塩見岳は、南アルプス中央に位置する百名山です。東は静岡県、西は長野県の県境に位置し、西の天竜川、東の大井川に挟まれ、北の北岳、間ノ岳、農鳥岳の白峰三山、さらに仙丈ヶ岳と、南の荒川、赤石、聖の中間に位置し、南アルプス全体を眺めることのできる独立峰でもあります。
北には間ノ岳、農鳥岳と、そこに向かう仙塩尾根
南には小河内岳と右に荒川岳。
この山は、長野側の鳥倉登山口から入るルートが一般的で、山頂ピストンで距離24km、標高差2,600m、コースタイム14時間のタフなコースです。
9月26日何とか明るいうちに帰ってこられればと朝3時に鳥倉の駐車場を出発。このコースは、トランスジャパンアルプスレースでもお馴染みの三伏峠を通り、本谷山を通過して本山を目指します。途中、山頂直下の塩見小屋まではほとんど眺望のない樹林帯のコースで暑い日に登るのは避けたいところ。登山口から標高差で900mほど登ると、三伏峠小屋のある三伏峠に着きます。
三伏峠と三伏峠小屋。小屋の右手の急登を登ってくる。
ちなみにこの三伏峠、標高が2,600mあり、日本の地図で記載されている最も高い峠だそうです。明治に長野の伊那と、静岡の大井川中俣をつなぐ生活道路として開鑿されたそうで、比較的歴史が新しくて、歴史の匂いがしないのが残念。さらに、現在では静岡側に降りる道が廃道となり、峠といっても尾根をつなぐ登山道の中継点としてのみその役割を担っています。
みつぶし、ではなく、さんぷく、と読む。
トランスジャパンアルプスレースでは、北の仙丈ヶ岳からこの塩見岳をつなぐ仙塩尾根を通ってこの三伏峠の関門を通過、さらに南の赤石岳を目指します。それにしても、こんな標高の高い生活道路を通るというのも今では想像もつきませんが。
三伏峠からはこんな尾根道を歩く。
三伏峠を通過して本谷山こえ、なだらかな尾根を歩くとこぢんまりとした塩見小屋に着きます。
山頂直下に塩見小屋はある
ここから森林限界を超えて、南北の南アルプスの山たちが姿をあらわします。最初の画像は塩見岳を三伏山から見たものですが、遠景はこんな感じです。
昨年11月に空木岳から塩見岳を遠望したもの。
山頂部が帽子のようになっていて、中央に突起が見えます。この部分、なかなかの急登で(僕の嫌いな)岩場です。

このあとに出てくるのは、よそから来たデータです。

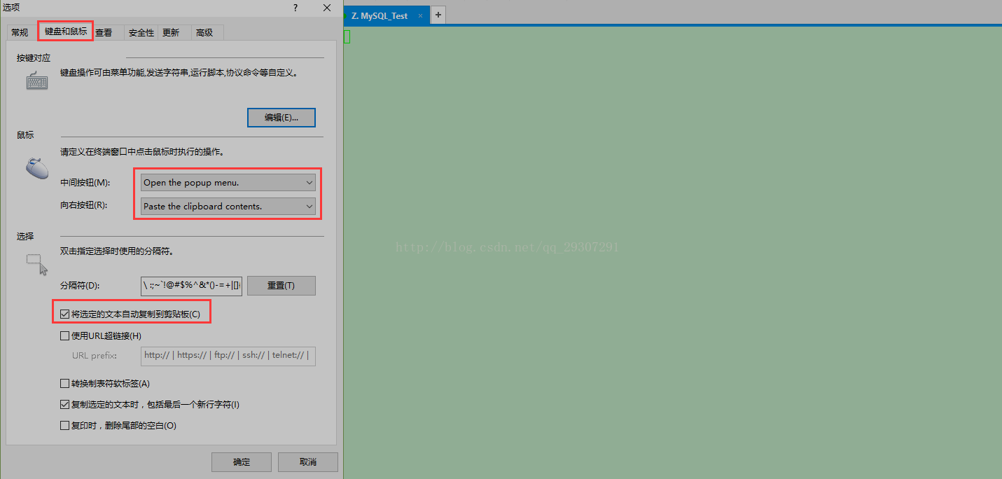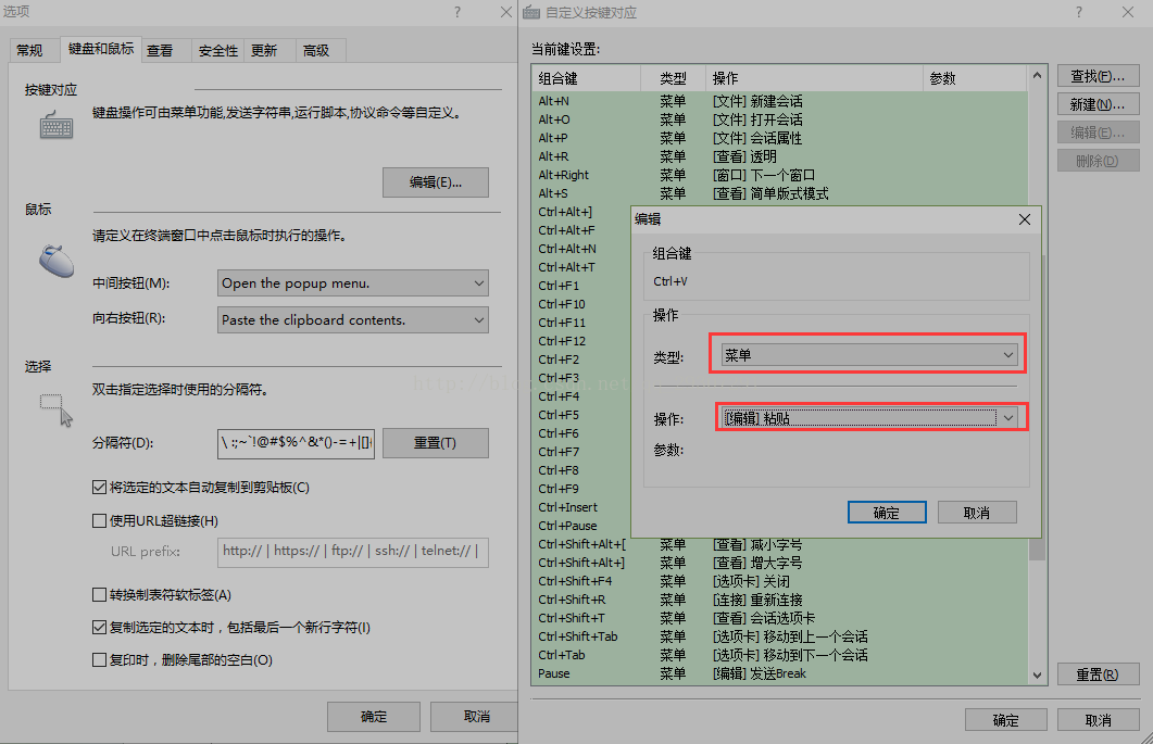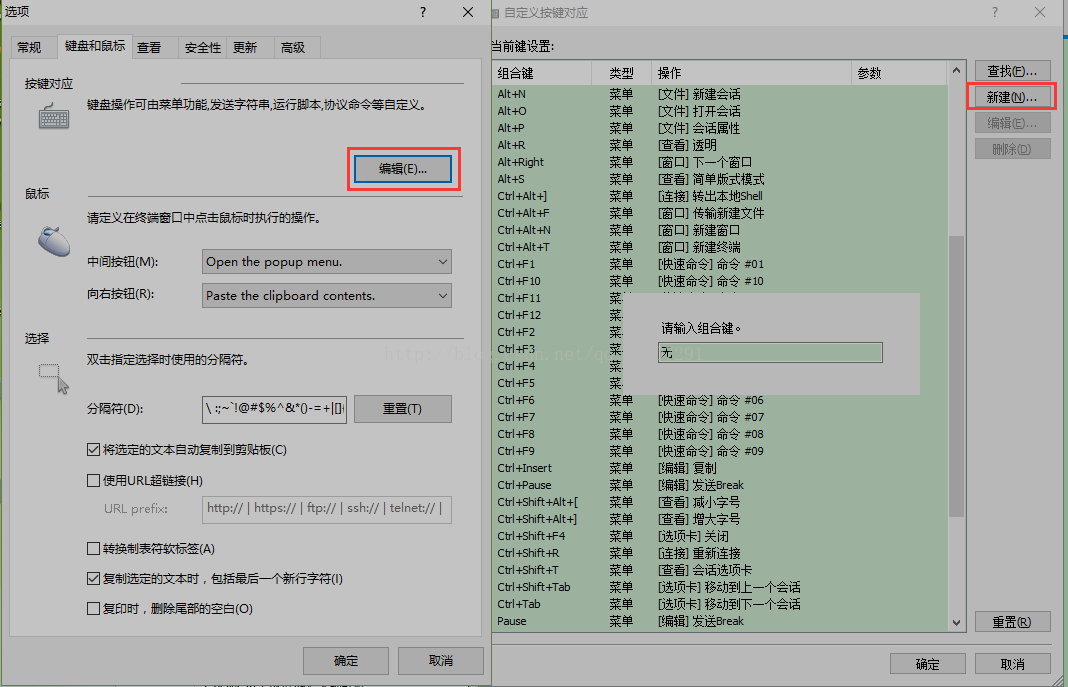 以前用Putty, 里面有选中后, 点击鼠标右键快速粘贴的功能, 用Xshell后发现默认没有这个设置. 但是Xshell因为界面漂亮得多,功能也丰富得多, 并且一直在更新维护, 所以还是喜欢用它. 一次在视频课程上, 看到老师用XShell也实现了和Putty上的功能, 求助度娘, 找到了这个被隐藏起来的好用的功能.

そして、この岩場をよじ登ると、360度の絶景が待っていました。
塩見西峰から最高峰の東峰を見るホッとしている僕。
今日の朝のうちは山域全体にガスがかかっていて、登るのには涼しくて良く、昼前後にはガスが取れて、山頂到着時にはこの通り。仙丈ヶ岳や甲斐駒ヶ岳、中央アルプス方面は見えませんでしたが、北の白峰三山、南の荒川、赤石が目の前でした。
南東の蝙蝠岳の左に富士山が見える。
今日は、山頂付近ではガスが取れて南アルプスがよく見えて何よりだったのに加えて、上りと下りのしんどい時間帯には的とにガスがかかって涼しい願ったり叶ったりの1日でした。
おかげで、途中ばてることもなく下山完了。最近、ますます足が速くなっている気がするんですが、いったいどこまで進化するのでしょうか?
この入山口の鳥倉林道は、長野県の大鹿村というところにあります。中央自動車道の松川ICから赤石岳を源流とする小渋川を遡ってきますが、途中、多くのダンプが行き交っており、道も拡張されたり、トンネルも新設されてたりしています。いったい何事かと思ったら、そうです、ここは中央リニア新幹線のトンネル工事の真上だったのです。静岡県知事が反対し続けたこのリニア新幹線の経路はちょうど赤石岳とこの塩見岳の間と通ります。長野県側ではすでに工事が進んでおり、大量の土砂が運び出されていて、小渋がわの河川敷に積み上げられています。この大量の土砂はこれからどうなるんでしょうか?地下水の変化という影響のほかに、この大量の土砂の処理は、もう一つの大問題なのではないでしょうか。
発生土砂、に注目。
山に登ったら温泉入って、カロリー補給が大事。今日は道の駅で教えてもらった松川IC近くの清流園のお世話になりました。新しい施設で入浴料500円とは今時ありがたい。安いですけど、いい温泉。ここでカツカレー食べて一休みして、帰路につきました。最近、このパターンが気に入ってます。
アップダウンが少なくでていますが、消費カロリー3,600kcalだそうです。